13:45	<annevk>	right
13:46	<a-ja>	guess that's A Good Thing...at least in some ways
13:49	<a-ja>	FYI:
13:49	a-ja	offers FREE as in BEER bug bounty - A case to whoever gets bug 311366 patch checked in before b5 code freeze, and gets it to stick for FF3 final
13:49	<a-ja>	not takers yet ^
13:49	<a-ja>	s/not/no/
13:55	<Philip`>	http://golem.ph.utexas.edu/instiki/show/Sandbox - alas
14:00	<hsivonen>	is there an easy online tool for converting astral chars into surrogate pairs?
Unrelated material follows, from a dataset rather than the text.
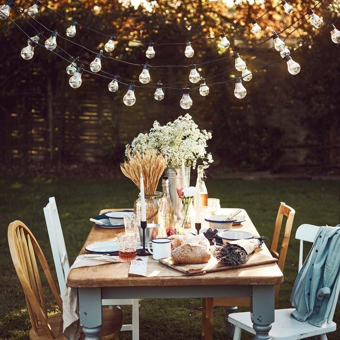 The last thing to add is lighting – this is key. Of course, candles look beautiful to set the scene, especially when set in a stunning candelabra. Or you can add cordless lamps to your dining table. These are a great alternative and can be re-charged at the end of the night. Perhaps you can add a string of lights across your terrace – festoon lighting. To create the ultimate atmosphere, nestle tiki torches into your lawn or flower beds to flicker away as night draws in whilst your guests chat and laugh away in the tranquil ambience you have curated for them. It’s lovely to have low level music in the background, an outdoor speaker is a great investment. Your dinner party can turn into an actual party! Especially if you are celebrating a special occasion. If one of your friends plays the guitar, set a seed in their mind to bring it along. There’s nothing like a good singalong into the stars around a firepit at the end of an evening.

14:01	<hsivonen>	http://rishida.net/scripts/uniview/conversion.php
14:02	<Philip`>	hsivonen: http://www.fileformat.info/info/unicode/char/10000/index.htm
14:02	<hsivonen>	Philip`: thanks
14:34	<hsivonen>	http://odfalliance.org/resources/google-response-post-brm.pdf contains a couple of HTML-relevant points
14:34	<hsivonen>	1) Requiring vendor extensions to be documented in order to conform to the base language.
14:34	<hsivonen>	and
14:34	<hsivonen>	2) that Transitional isn't
15:25	<hsivonen>	I regret suggesting that 0x80-0x9F bytes be errors when ISO-8859-1 is declared
15:27	<annevk>	i don't think it makes much sense
15:27	<annevk>	iso-8859-1 is just an another alias
15:29	<hsivonen>	Hixie: can I just say I was wrong and ask this detail to be reversed? (especially since doing the consistent thing with GBK would be a PITA)
15:29	<annevk>	hsivonen, can't you just use the declared encoding instead?
15:29	<annevk>	that way they'll automatically be errors
15:30	<hsivonen>	annevk: then the parser could no longer be used as an error reporting general-purpose parser
15:31	<hsivonen>	annevk: also, then show source would wrong assuming the 1252 interpretation is right
21:09	<hsivonen>	whoa. the Talk:Acid2 really is sad.
21:09	<hsivonen>	is the irc log at krijnhoetmer.nl a verifiable source?